--- DATASET SECTION ---
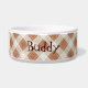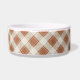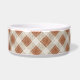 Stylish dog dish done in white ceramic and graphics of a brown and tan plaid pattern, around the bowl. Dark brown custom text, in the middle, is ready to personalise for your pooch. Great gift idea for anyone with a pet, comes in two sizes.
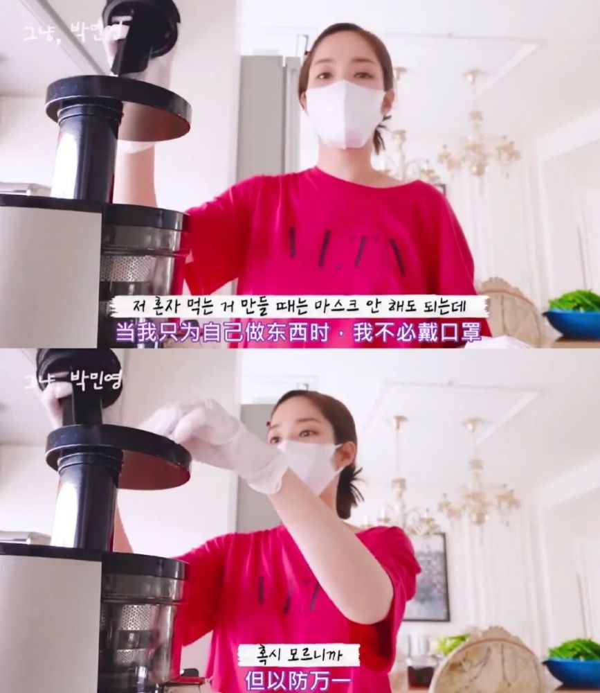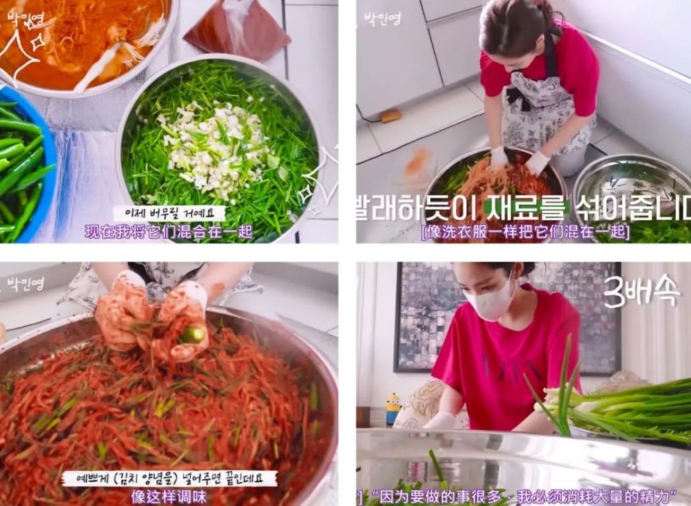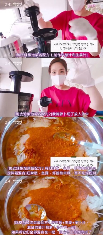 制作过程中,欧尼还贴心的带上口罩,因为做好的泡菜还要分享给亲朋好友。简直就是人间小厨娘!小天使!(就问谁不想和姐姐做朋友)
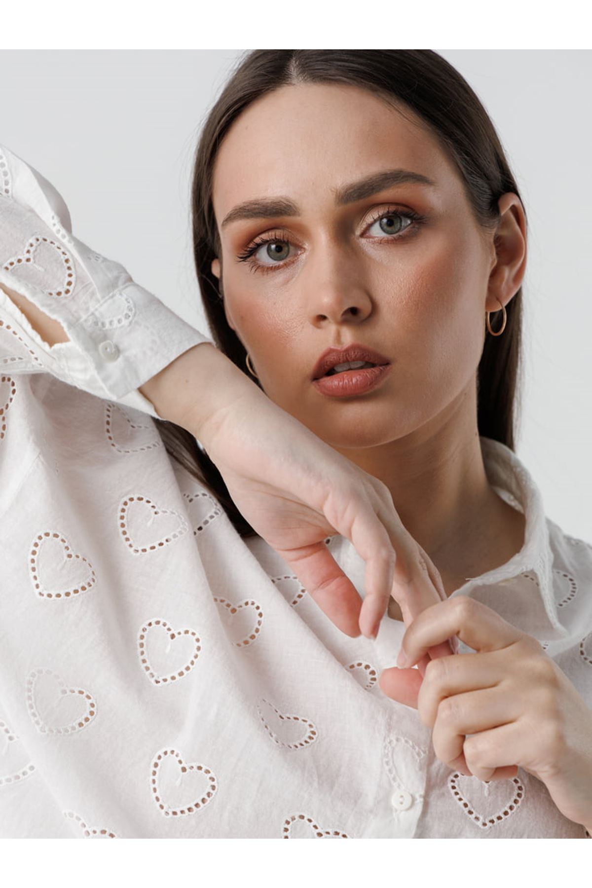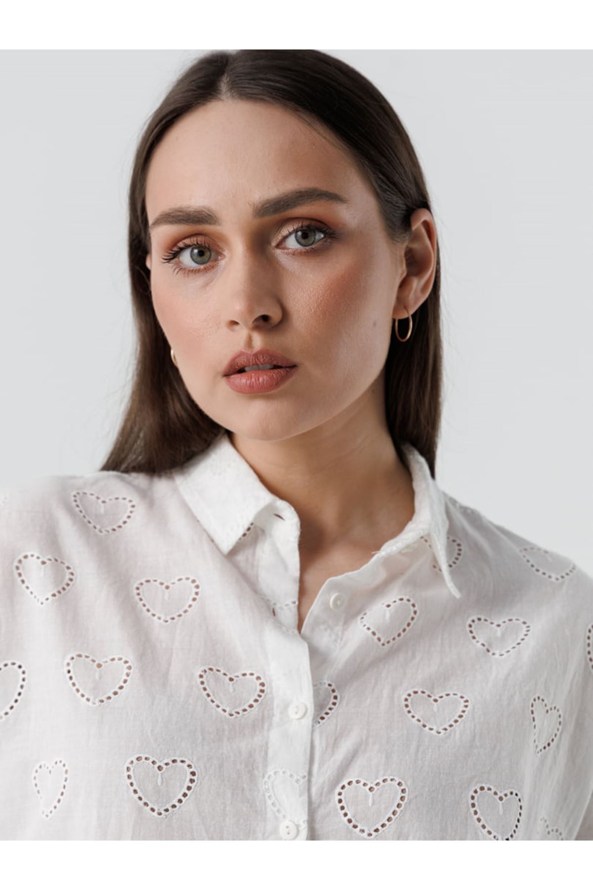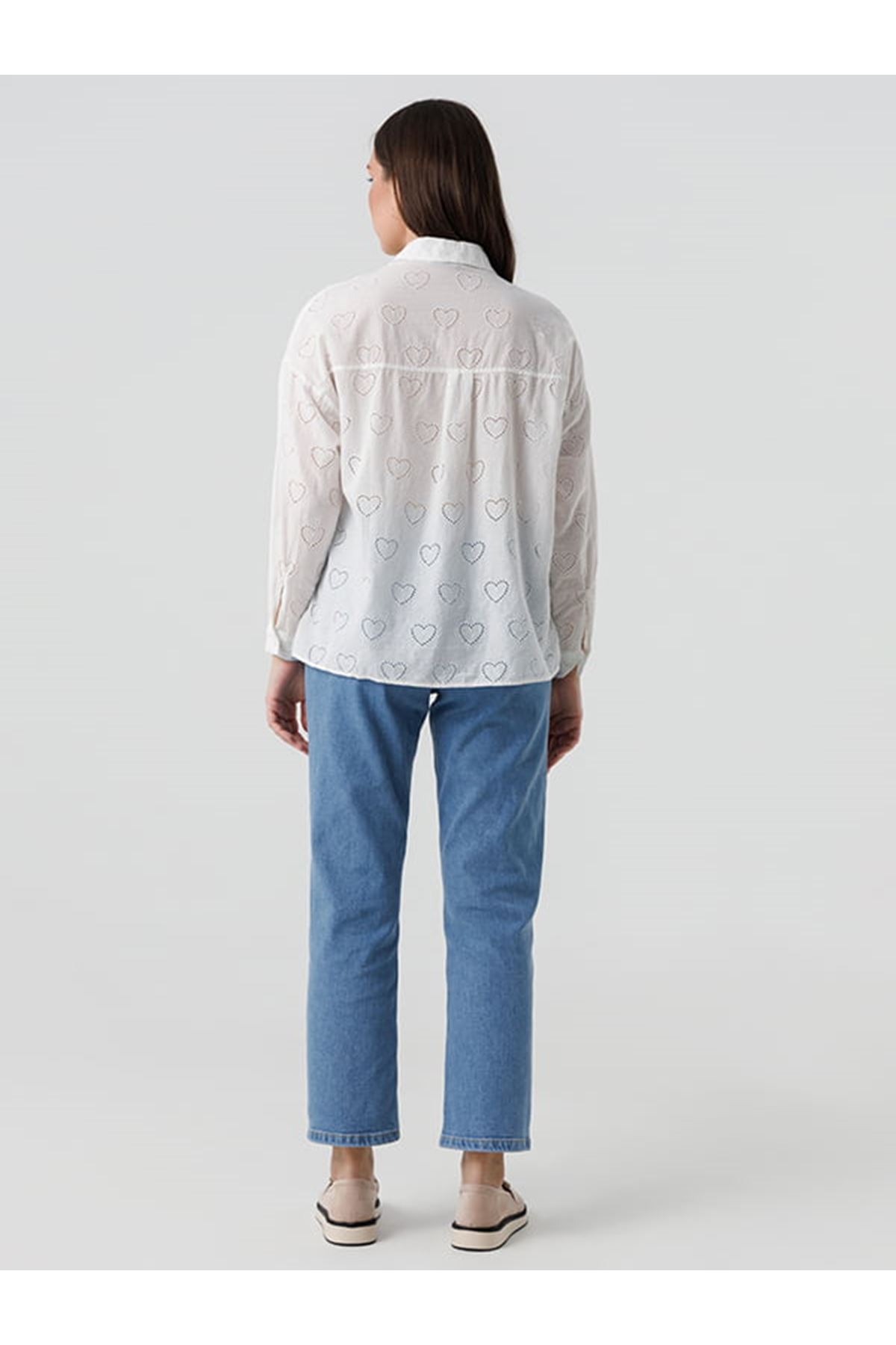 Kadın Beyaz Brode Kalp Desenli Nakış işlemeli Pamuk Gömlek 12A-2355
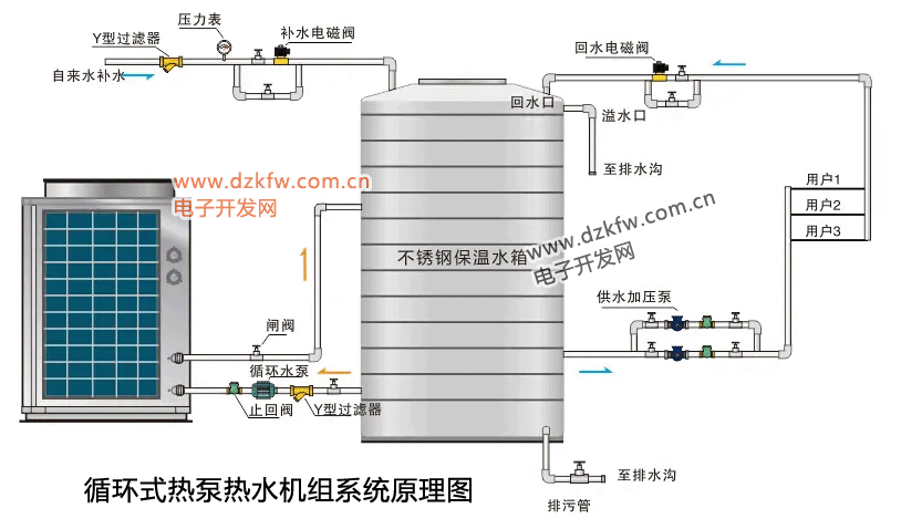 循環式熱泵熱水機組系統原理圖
---
= TASK OBJECTIVE =
Copy the listing above verbatim, leaving out pictures.

= SOLUTION TO THE EXERCISE =
 Stylish dog dish done in white ceramic and graphics of a brown and tan plaid pattern, around the bowl. Dark brown custom text, in the middle, is ready to personalise for your pooch. Great gift idea for anyone with a pet, comes in two sizes.
 制作过程中,欧尼还贴心的带上口罩,因为做好的泡菜还要分享给亲朋好友。简直就是人间小厨娘!小天使!(就问谁不想和姐姐做朋友)
 Kadın Beyaz Brode Kalp Desenli Nakış işlemeli Pamuk Gömlek 12A-2355
 循環式熱泵熱水機組系統原理圖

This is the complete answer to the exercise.